EXERCISE REQUIREMENTS: Locate, in the data below, the line that contains "一般社団法人栃木県リハビリテーション専門職協会組織図 2024年度" and the line that contains "미담타임스 김교환 기자"; reproduce exactly those two lines and every line between them, nothing more.

DATA SHOWN:
*-*-*

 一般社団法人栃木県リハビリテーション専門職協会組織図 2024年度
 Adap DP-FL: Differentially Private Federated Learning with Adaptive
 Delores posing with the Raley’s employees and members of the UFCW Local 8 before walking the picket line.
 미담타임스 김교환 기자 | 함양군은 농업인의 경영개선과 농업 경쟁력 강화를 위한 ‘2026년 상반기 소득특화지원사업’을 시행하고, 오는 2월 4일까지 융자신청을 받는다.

*-*-*

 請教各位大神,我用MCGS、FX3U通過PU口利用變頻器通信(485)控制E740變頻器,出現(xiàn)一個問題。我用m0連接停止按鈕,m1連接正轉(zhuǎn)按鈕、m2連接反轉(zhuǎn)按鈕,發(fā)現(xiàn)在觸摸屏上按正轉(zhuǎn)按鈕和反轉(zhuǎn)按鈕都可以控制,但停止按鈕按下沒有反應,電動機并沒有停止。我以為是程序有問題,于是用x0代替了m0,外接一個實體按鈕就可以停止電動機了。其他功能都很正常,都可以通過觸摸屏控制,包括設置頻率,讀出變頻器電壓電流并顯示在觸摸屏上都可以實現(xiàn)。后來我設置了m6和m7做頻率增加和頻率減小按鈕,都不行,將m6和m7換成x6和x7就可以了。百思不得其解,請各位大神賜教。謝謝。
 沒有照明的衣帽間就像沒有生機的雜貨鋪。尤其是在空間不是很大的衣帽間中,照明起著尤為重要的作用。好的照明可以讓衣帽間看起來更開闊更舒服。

*-*-*

OUTPUT BELOW:
 一般社団法人栃木県リハビリテーション専門職協会組織図 2024年度
 Adap DP-FL: Differentially Private Federated Learning with Adaptive
 Delores posing with the Raley’s employees and members of the UFCW Local 8 before walking the picket line.
 미담타임스 김교환 기자 | 함양군은 농업인의 경영개선과 농업 경쟁력 강화를 위한 ‘2026년 상반기 소득특화지원사업’을 시행하고, 오는 2월 4일까지 융자신청을 받는다.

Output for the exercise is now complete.